Aim: Perp bisect. Procedure: (1) Draw diagonals perp. (2) Bisect intersection. (3) Arcs from ends for vertices. Observation: Sides equal. Conclusion: Rhombus. Tip: Diagonals perp. [Diagonals cross diagram.]
Eclipse Exam Void-Eternal Blueprint (Transcend to 100/80 Eclipse)
- Ur-Prep: 100% NCERT eclipse; 9 hours daily, full integration.
- Eclipse Exam Singularity: Pre: Formula fusion 3 min; During: A fusion (1 min), B/C surge (4 min), D/E core (95 min), 60 min eclipse infinite check.
- Grimoire Art: Galaxy answers; vortex steps; nebula diagrams.
- Eclipse Scoring: 3-mark: 1 method, 1 calc, 1 insight; 5-mark: Thesis, proof, example, tip, infinite extension.
- Eclipse Shields: “V hem 2/3 π r³”; “Intersection sum – union”.
- Case Eclipse: Data vortex, calc nebula, tip: multi-method.

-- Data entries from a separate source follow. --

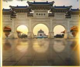
อนุสรณ์เจียงโคเซค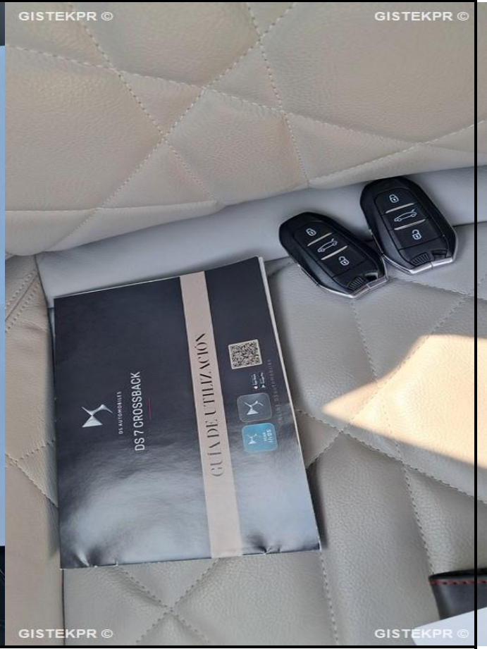
Foto documentación 1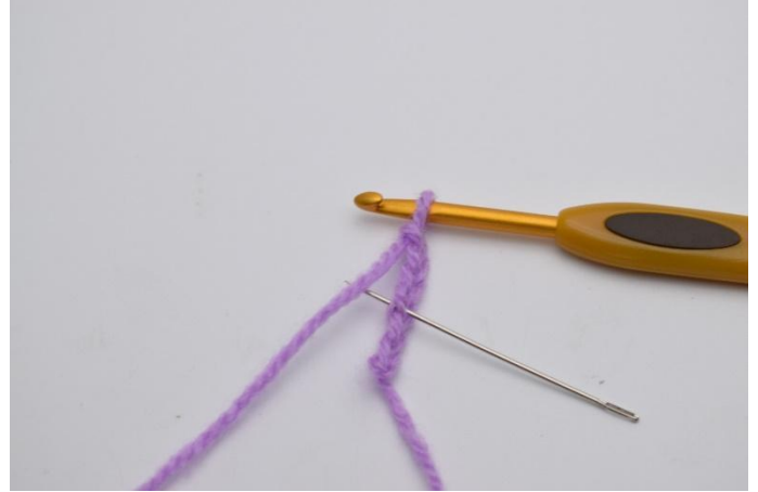
2. Virkkaa koukusta lukien 4. kjs:aan 1 p.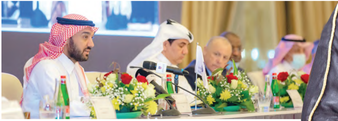
الرياض - هاني البشر

قدم صاحب السمو الملكي الأمير محمد بن سلمان بن عبد العزيز، ولي العهد نائب رئيس مجلس الوزراء وزير الدفاع، دعماً للاتحاد العربي لكرة القدم بقيمة 5 ملايين ريال.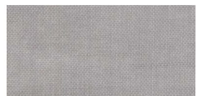
ET-TH | 1273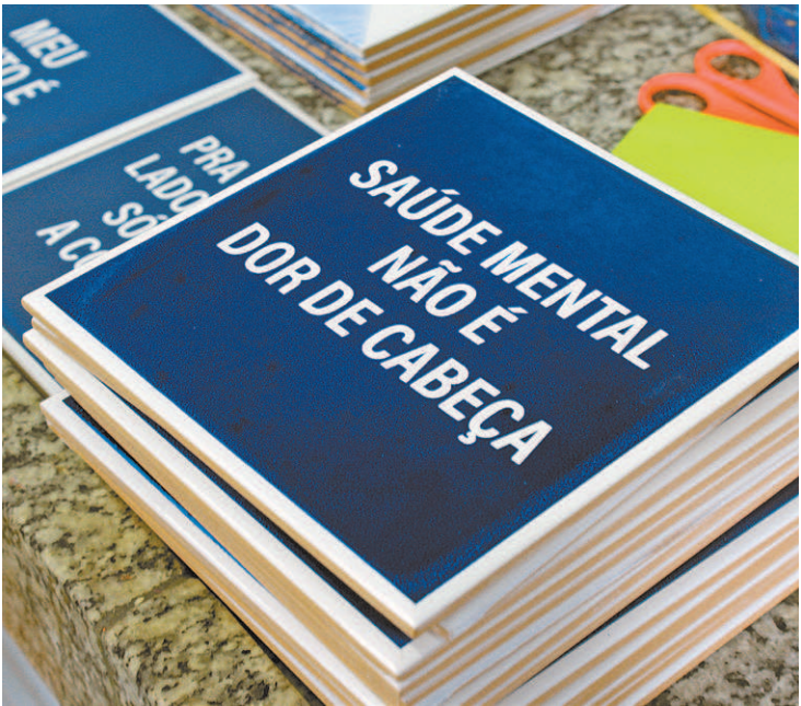
Saúde mental estará em debate em evento na Maré a partir de hoje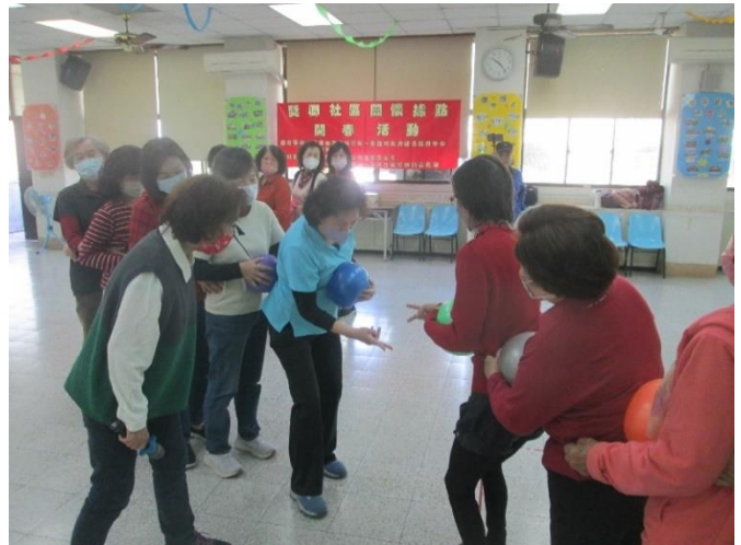
楠梓-關懷據點開春活動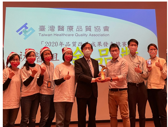
▲榮獲臺灣醫療品質協會競賽「以智能化藥局提升藥事服務品質」金品獎、創新獎

檢驗醫學科提供 24 小時檢驗服務，引進全自動化實驗檢驗和軌道系統，於 6 分鐘內即能將檢體傳送到中央檢驗室，過程完全不需人力傳送與介入，提升檢體傳送效能。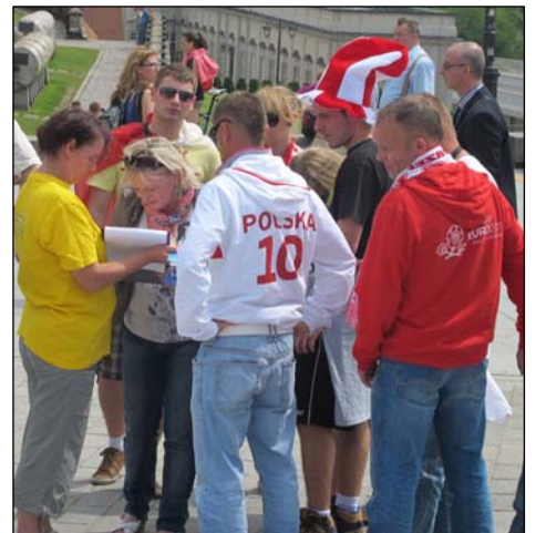
游客和各国球迷签名反对中共迫害

◎二零零零年的腊月，湖北浠水某地，几天大雨使清港的泥巴堵塞了通向集市的要道，无法通行，但没有人管。一位七十多岁的法轮功学员看到后，自己拿来铁锹，一锹锹地将泥巴挪到港边的岸上，干得大冬天脱了棉衣还浑身是汗。（接下页）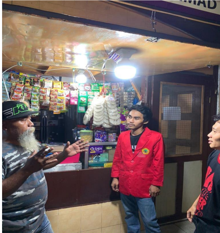
Gambar 1. Memberikan arahan kepada Pak RT dan Pak RW

Berdasarkan permasalahan mitra yang dihadapi maka saya selaku pengusul program berusaha untuk mengatasi permasalahan dengan berbagai cara diantaranya :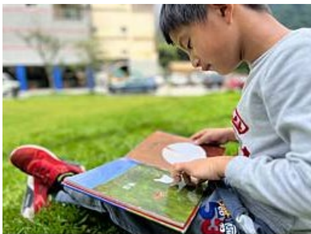
增加邏輯能力及閱讀速度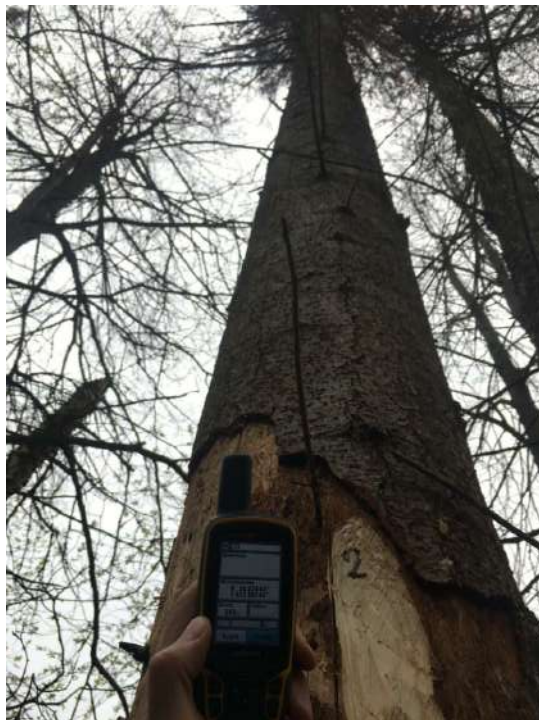
Аварийное дерево № 2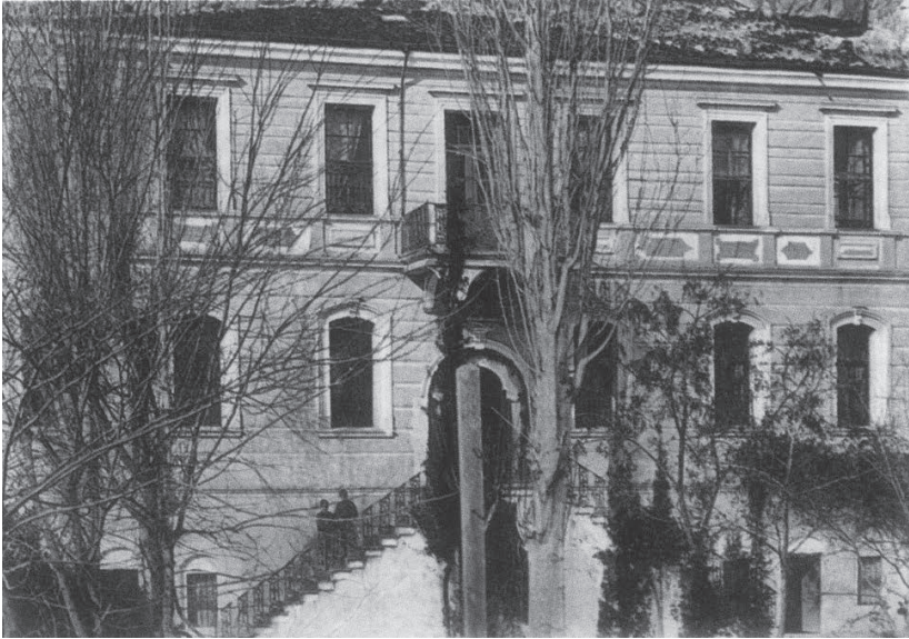
Το Παρθεναναγωγείο (Γρηγοριάς) Σερρών

Τα επιτεύγματα της παιδείας του νομού Σερρών οφείλονται στον Μακεδονικό Φιλεκπαιδευτικό Σύλλογο που ιδρύθηκε το 1870 στις Σέρρες. Ο σύλλογος αυτός συγκέντρωσε και συσπείρωσε ό,τι εκλεκτό είχε η πόλη των Σερρών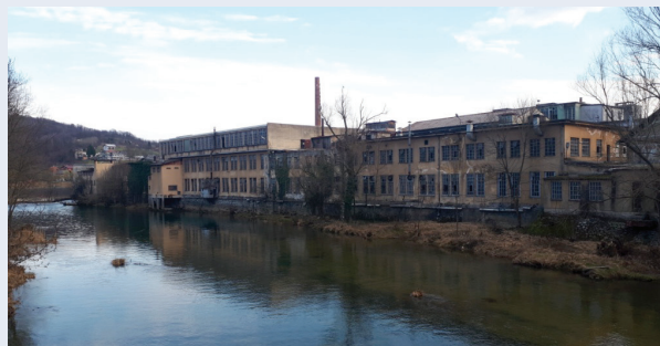
Slika 3 – Današnja panorama tvornice uz Mrežnicu (foto 7. 3. 2020.)

Gospodarski razvoj i preobrazba u suvremeni grad započinje nakon izgradnje pruge Karlovac – Rijeka 1873. godine te osnivanjem Pamučne industrije 1884. godine. Zanimljivo je da je vjerni opis tadašnje Duge Rese dao upravo znameniti hrvatski književnik August Senoa koji je putovao prvim vlakom na toj relaciji. Općinsko središte postaje 1896., a 1993. godine, nakon uspostave suvremene hrvatske države, dobiva i status grada.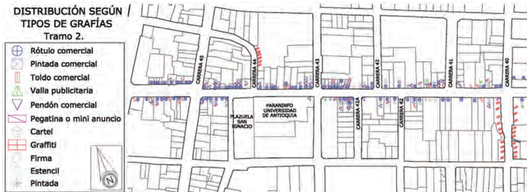
Figura 21a. Plano del tramo 2: Distribución según tipos de grafías.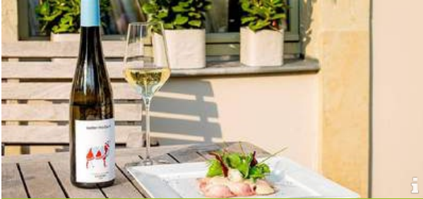
Weingut kastler friedland

Entlang der malerischen Radebeuler Elbhänge finden Sie zahlreiche gemütliche Weingüter, die in romantischen Höfen mit erlesenen Weinen und einem eindrucksvollen Ausblick in die Radebeuler Weinberge zum Genießen und Verweilen einladen.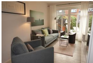
... noch einmal der Wohnbereich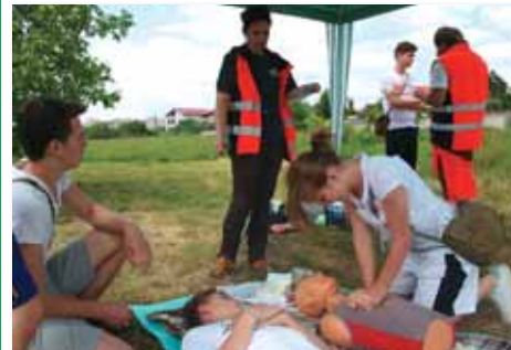
Mladí záchranári počas testu zo zdravotníckej prípravy.

Obvodný úrad Košice so sídlom na Komenského 52 v spolupráci s Centrom voľného času, Orgovánová 5 – e.p. DOMINO na Popradskej 86 v Košiciach, pripravili Krajské kolo mladých záchranárov civilnej ochrany.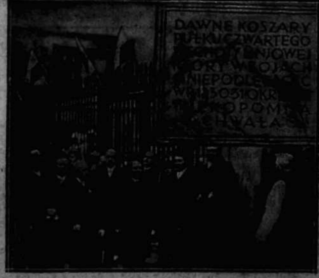
skłonięta na gmachu dawnych koszar 4 pułku piechoty liniowej przy ul. Krakowskiej w Warszawie w ramach obchodu rocznicy listopadowej. Na głazie z napisem inż. Słomiński, xx) szef kancelarji wojskowej ofik. Glogowski.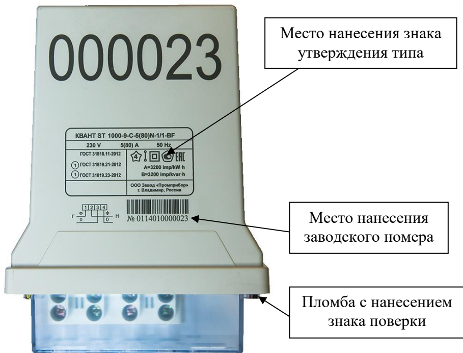
Рисунок 3 – Общий вид счетчика в исполнении корпуса типа С с указанием места ограничения доступа к местам настройки (регулировки), места нанесения знака утверждения типа, места нанесения заводского номера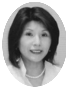
芝尾 郁恵 (公明党)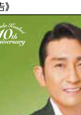
水谷 隼 選手(卓球)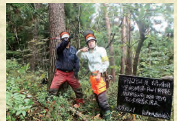
緑の雇用事業による新人教育

お問合せは 柏崎地域森林組合 ☎0257-22-6212 fax 0257-22-6234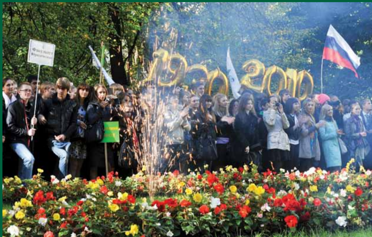
Праздник торжественного посвящения первокурсников в студенты в сквере ФИНЭКа на Садовой улице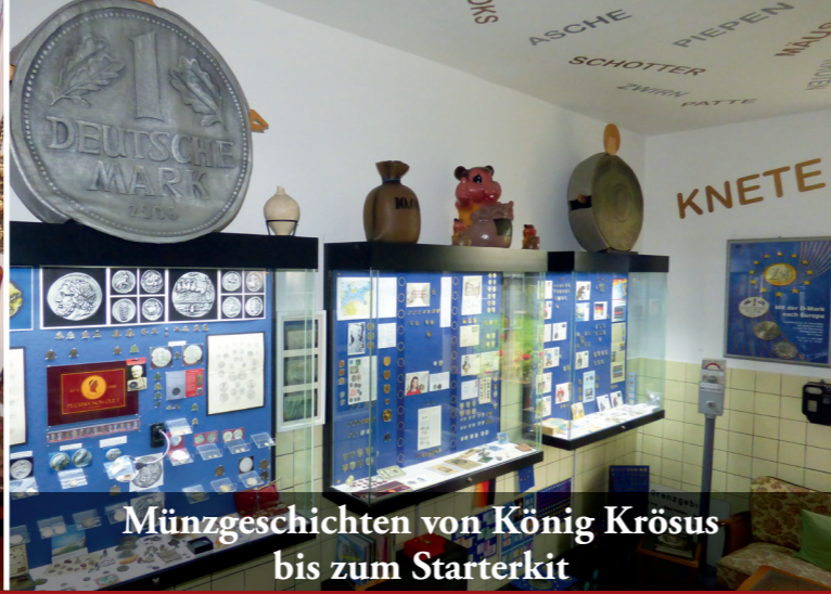
Münzgeschichten von König Krösus bis zum Starterkit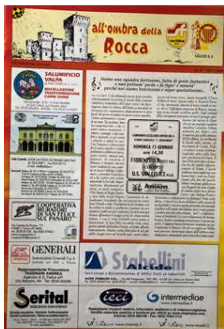
Un numero più recente del 2008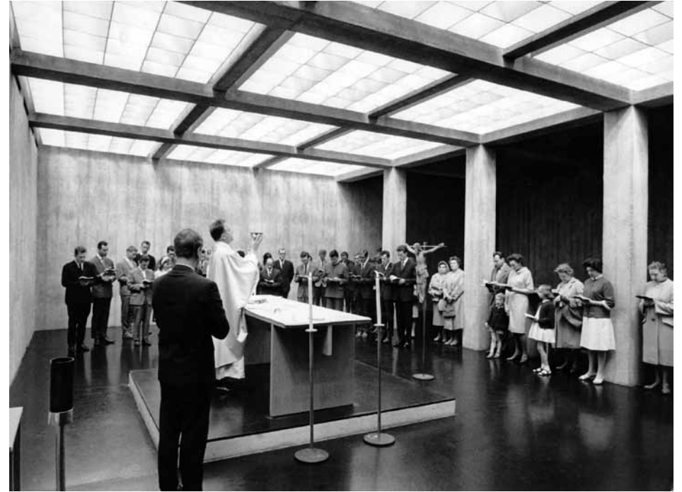
Abb. 3 – 4 Kapelle Peter Jordan-Straße, Wien 1961-63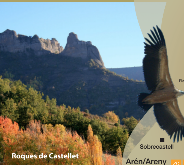
Roques de Castellet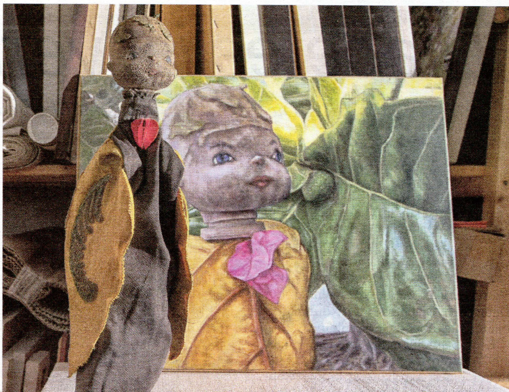
Stabpuppe Anaya posiert auf dem gleichnamigen Gemälde (2013) vor einem Blätterwald. Durch das Malen, sagt der Künstler, fördere er das Wesen seiner Figuren zutage.

Trotzdem denkt der Künstler auch praktisch. Nicht alle Exemplare lassen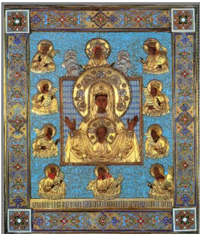
Първообраз на чудотворната икона на Пресвета Богородица Курско-Коренна "Знамение"

К урская икона «Знамение» Божией Матери — одна из древнейших икон Русской Церкви. В XIII веке, во время татарского нашествия, когда все Русское государство испытывало величай-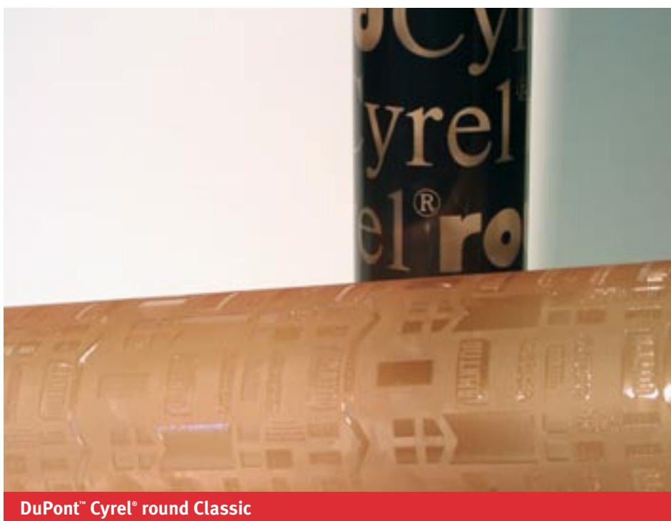
DuPont™ Cyrel® round Classic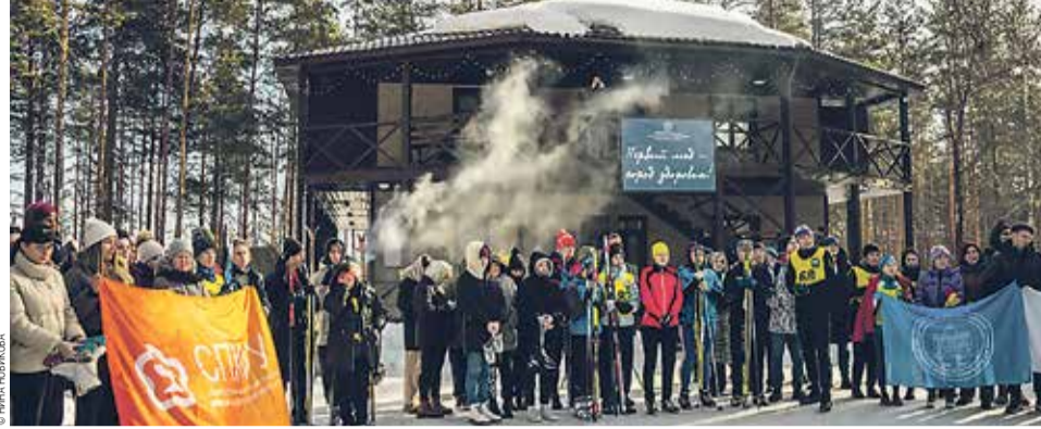
Участники Зимней спартакиады

Следующим испытанием стала конькобежная эстафета. Особо захватывающими были состязания азартных спортсменов, готовых ринуться в гонку и преодолеть все препятствия.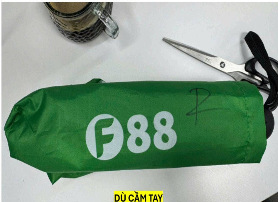
DÙ CẦM TAY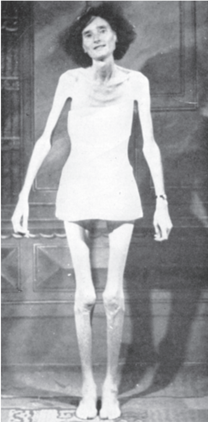
Questa è una copia della foto che accompagnò la richiesta di preghiera di Florence Nightingale.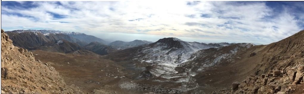
در مسیر پناهگاه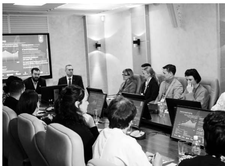
Участники круглого стола обсудили обмен опытом субъектов по внедрению регионального инвестиционного стандарта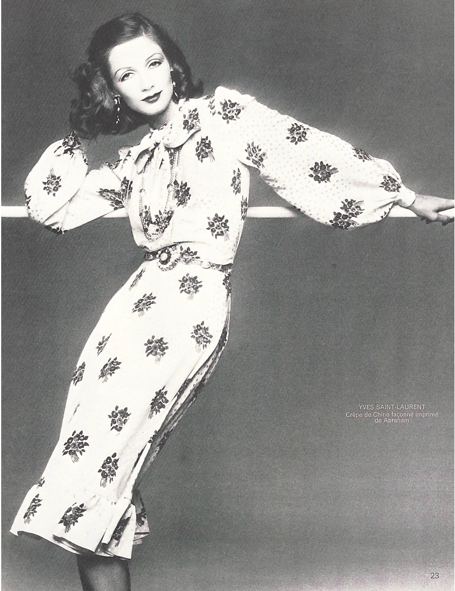
YVES SAINT-LAURENT Crêpe de Chine façonné imprimé de Abraham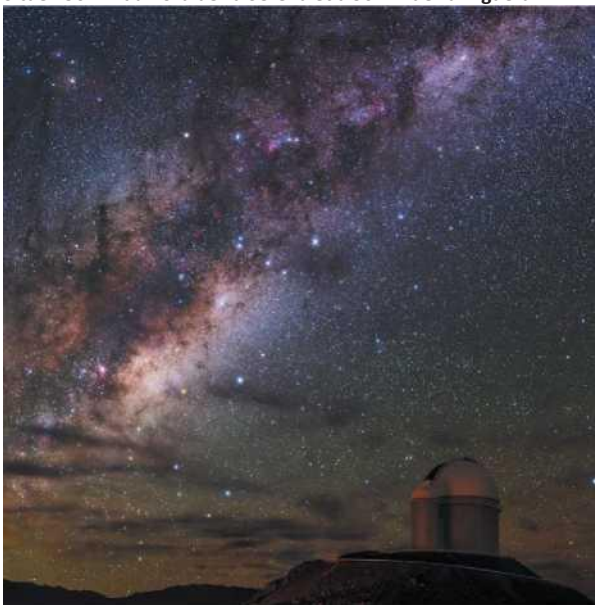
En haut: Ciel nocturne dans l'Observatoire La Silla.

9 Situé 156 km au nord de La Serena et à 96 km de La Higuera.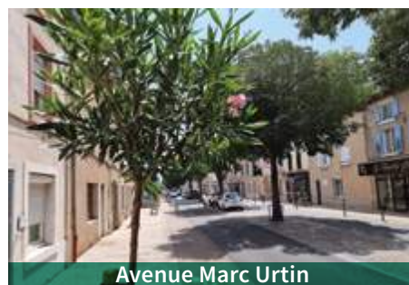
Avenue Marc Urtin

- Practical Eclipse: 13 constructions, 10 mensuration; 50 min zenith.
- Psyche Eclipse: “Cosmic clarity”; stuck? Vortex alternatives.
- Post-Eclipse: Zenith log, 6 zeniths per section.
- Void-Eternal Sanctum: Vedic maths extras; quantum calc sim; cosmic mocks.